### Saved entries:
==================================================
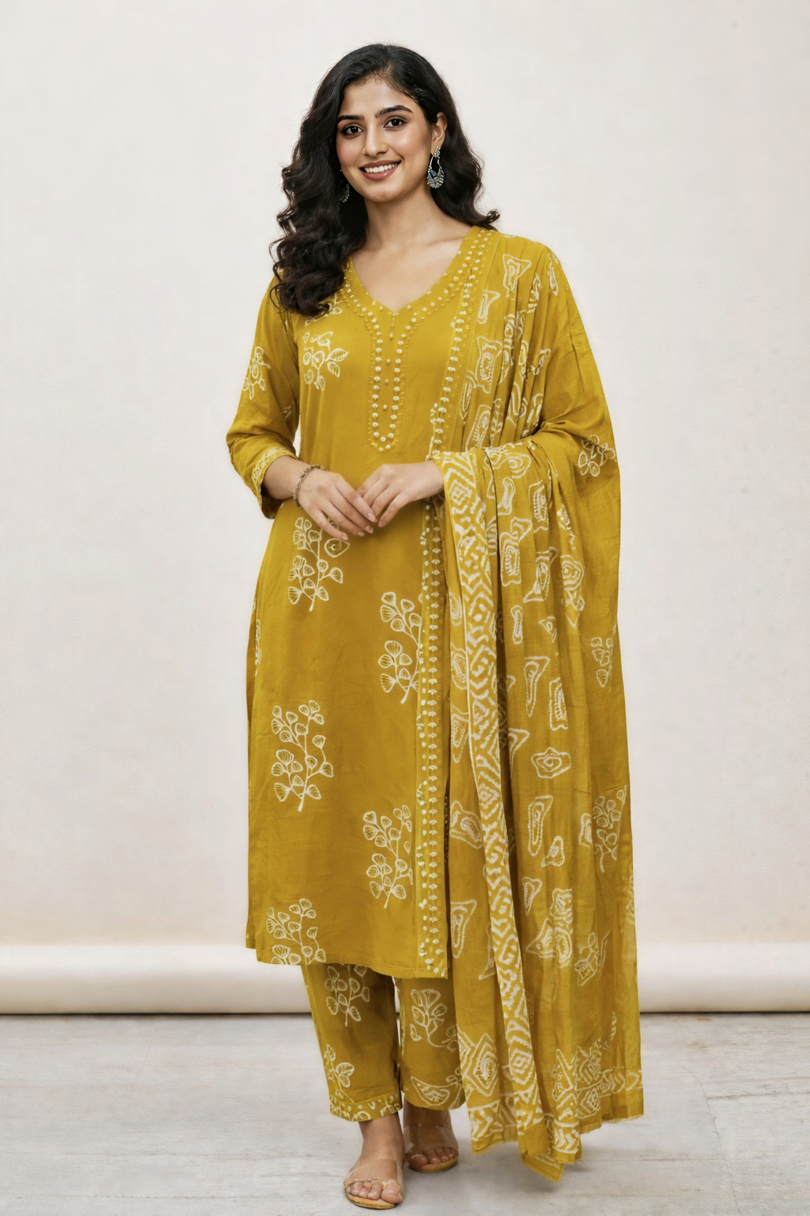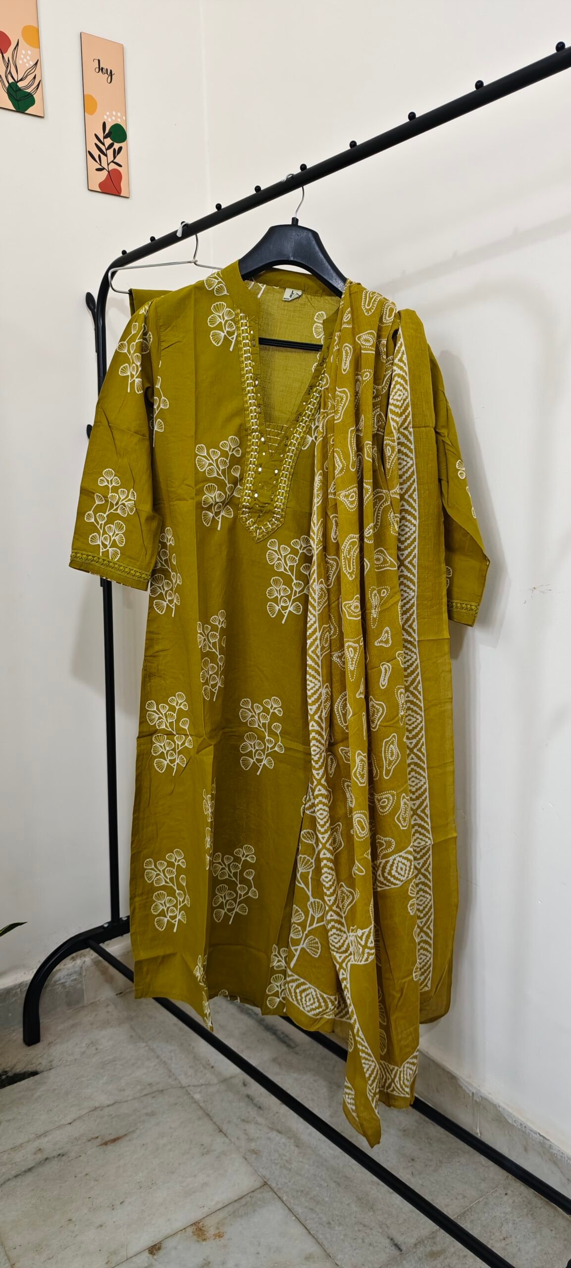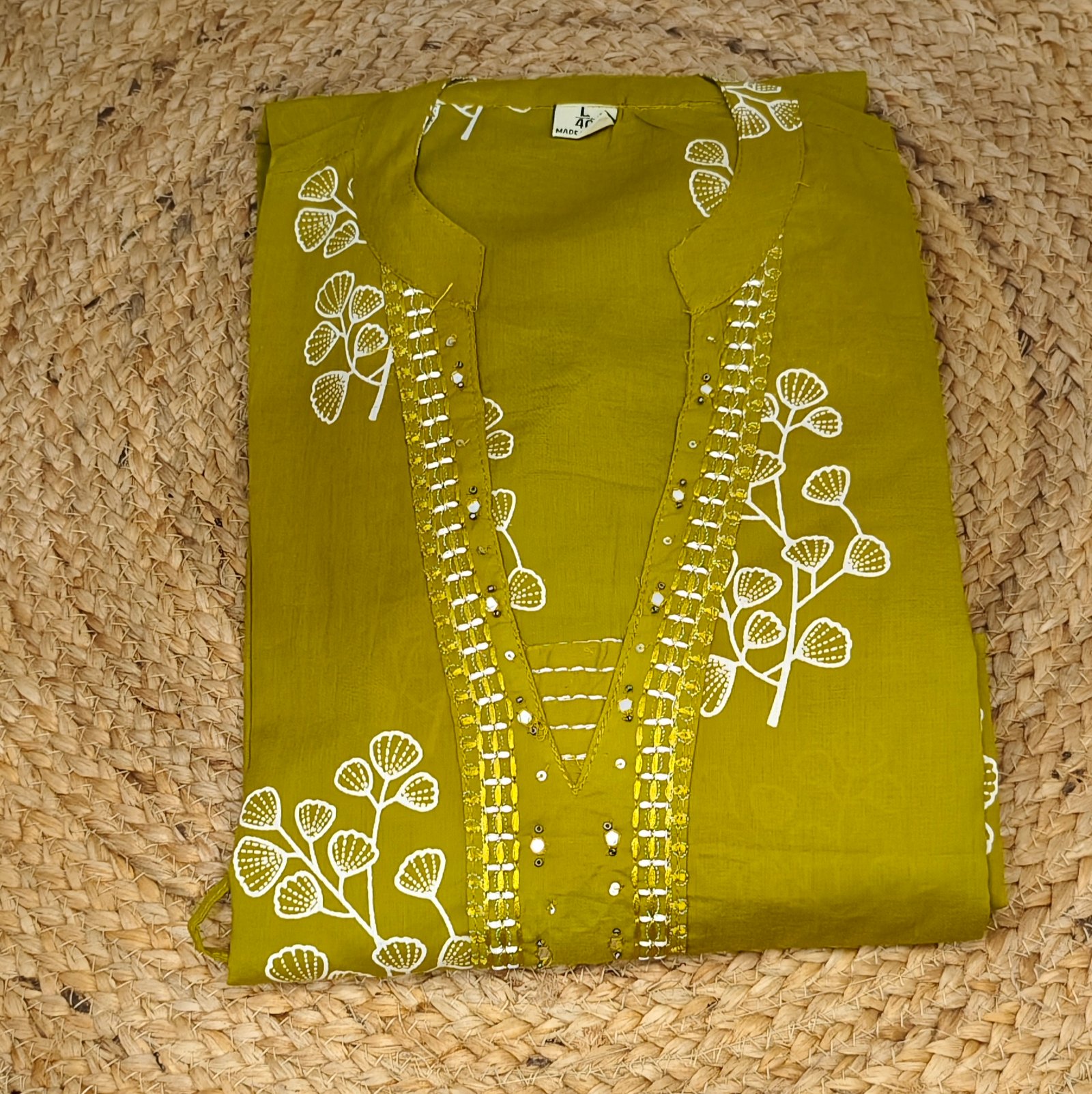 Add timeless elegance to your wardrobe with this beautiful mustard yellow cotton kurti set. Designed with subtle hand-printed floral motifs, this outfit blends traditional charm with modern comfort. The breathable cotton fabric keeps you comfortable all day, while the matching printed dupatta completes the ethnic look effortlessly Soft & breathable pure cotton.
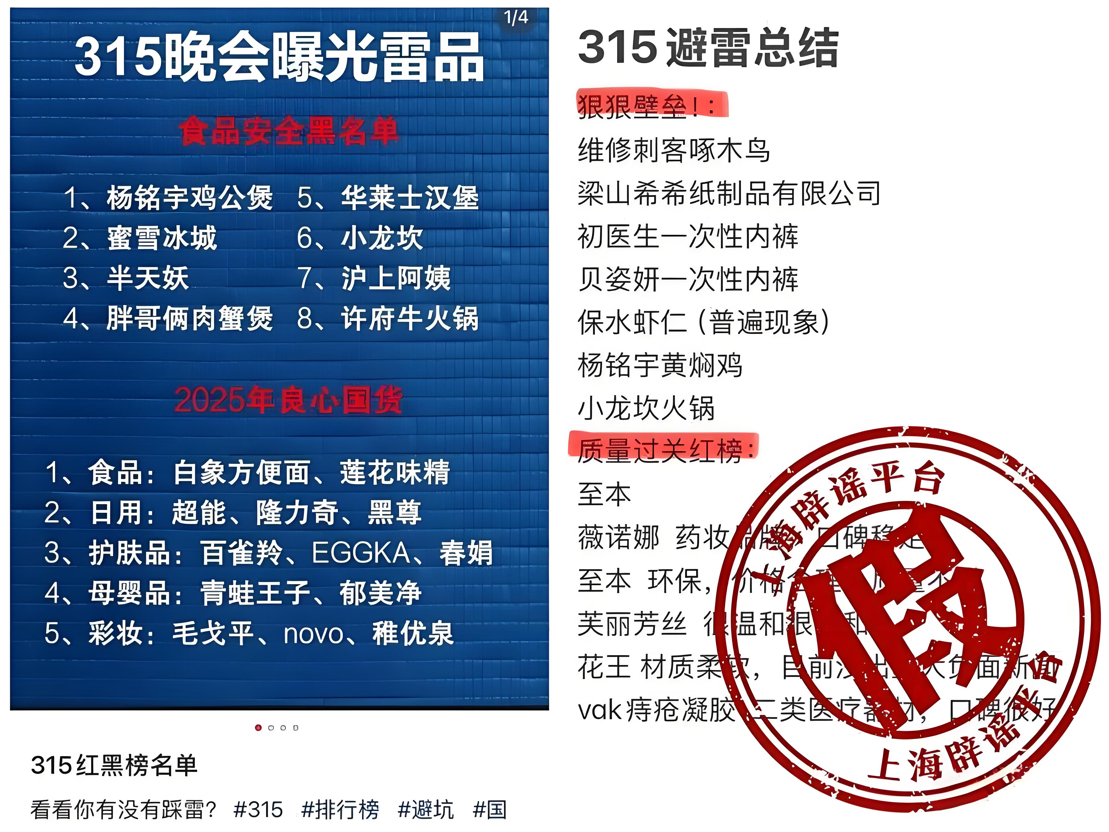每年315期间,各种所谓的“315红黑榜”在网络和社交媒体上泛滥。然而,这些榜单大多漏洞百出,与央视315晚会内容毫无关系。部分营销号利用公众对315的高度关注,编造“红榜”,将某些企业包装成行业典范,吸引消费者购买,从而赚取推广费用。这种行为不仅误导消费者,还可能让消费者为虚假宣传买单。 实际上,真正的315红黑榜往往由权威机构或官方媒体发布,通过严格的调查和评估,为消费者提供可靠的消费指南。因此,消费者在面对各种“315红黑榜”时,应保持警惕,仔细甄别其来源和内容,避免被虚假信息误导
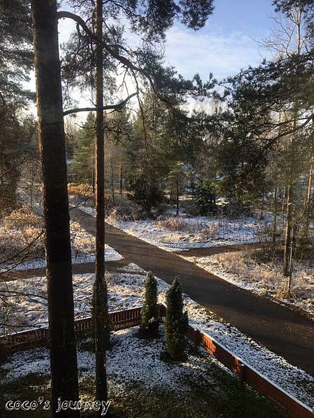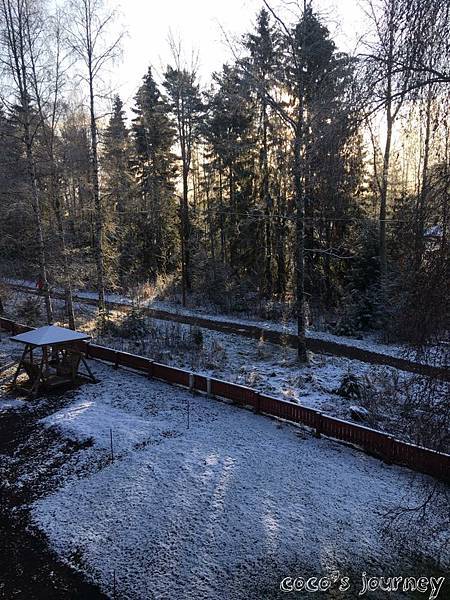 今天早上起床發現外面雪白一片,太陽好大但外面只有1度。 What a beautiful day!
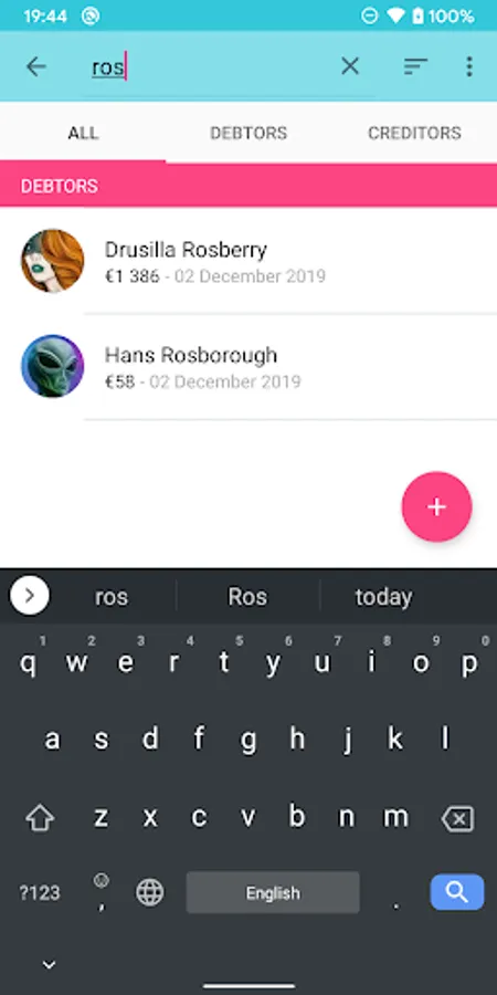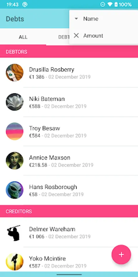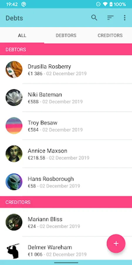 * 3 lists (all / debtors / creditors)
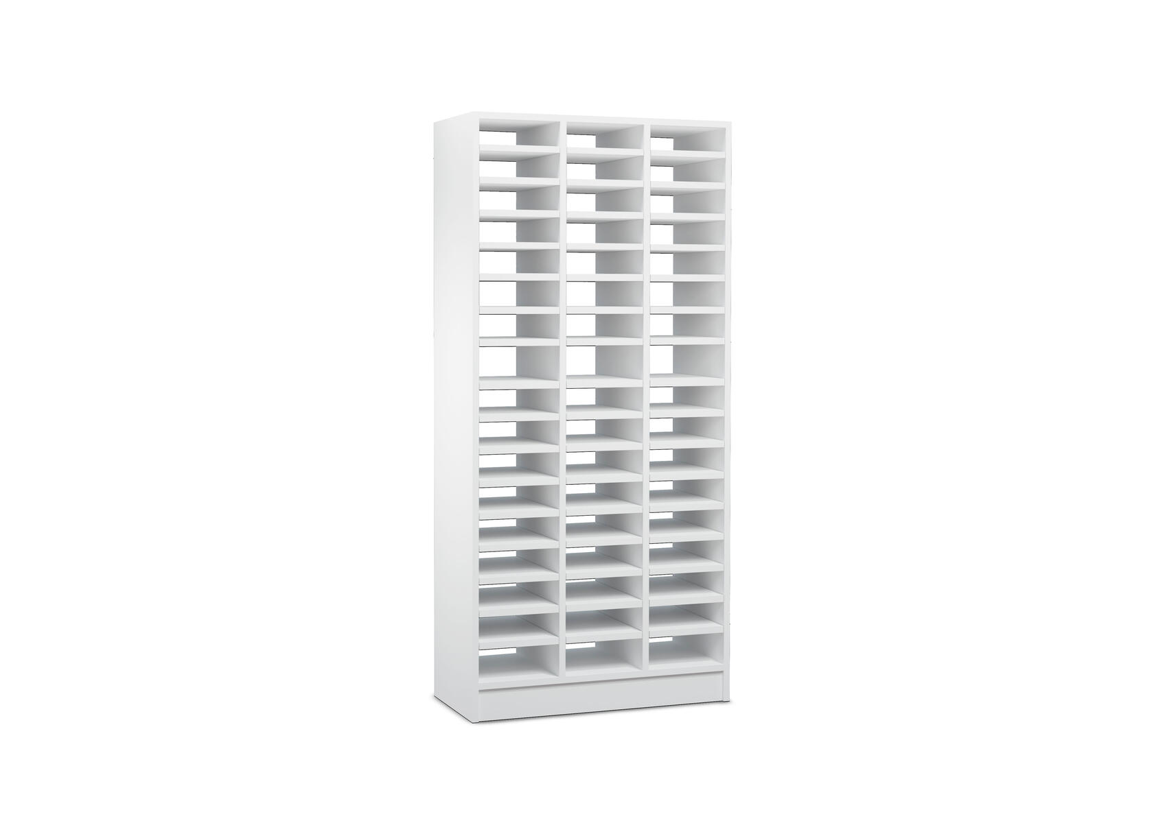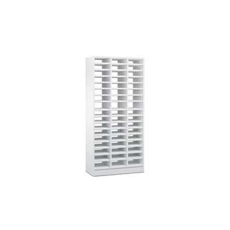 3 fack i bredd och 6 fack i höjd. Låsning i huvudnyckelsystem. Dörrarna är försedda med brevinkast. Stomme och luckor av 19 mm spånskiva med laminat. Kantlister av ABS. Mått: B98xD40xH178 cm. Mått dörr: B32xH24 cm. Grå sockel, 20 cm hög.
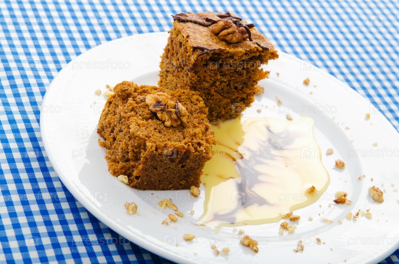 Торт с грецкими орехами на тарелке
==================================================
### Task item:
Each entry must be reproduced word for word, and any image among them left out.

### Result of this exercise:
 Add timeless elegance to your wardrobe with this beautiful mustard yellow cotton kurti set. Designed with subtle hand-printed floral motifs, this outfit blends traditional charm with modern comfort. The breathable cotton fabric keeps you comfortable all day, while the matching printed dupatta completes the ethnic look effortlessly Soft & breathable pure cotton.
每年315期间,各种所谓的“315红黑榜”在网络和社交媒体上泛滥。然而,这些榜单大多漏洞百出,与央视315晚会内容毫无关系。部分营销号利用公众对315的高度关注,编造“红榜”,将某些企业包装成行业典范,吸引消费者购买,从而赚取推广费用。这种行为不仅误导消费者,还可能让消费者为虚假宣传买单。 实际上,真正的315红黑榜往往由权威机构或官方媒体发布,通过严格的调查和评估,为消费者提供可靠的消费指南。因此,消费者在面对各种“315红黑榜”时,应保持警惕,仔细甄别其来源和内容,避免被虚假信息误导
 今天早上起床發現外面雪白一片,太陽好大但外面只有1度。 What a beautiful day!
 * 3 lists (all / debtors / creditors)
 3 fack i bredd och 6 fack i höjd. Låsning i huvudnyckelsystem. Dörrarna är försedda med brevinkast. Stomme och luckor av 19 mm spånskiva med laminat. Kantlister av ABS. Mått: B98xD40xH178 cm. Mått dörr: B32xH24 cm. Grå sockel, 20 cm hög.
 Торт с грецкими орехами на тарелке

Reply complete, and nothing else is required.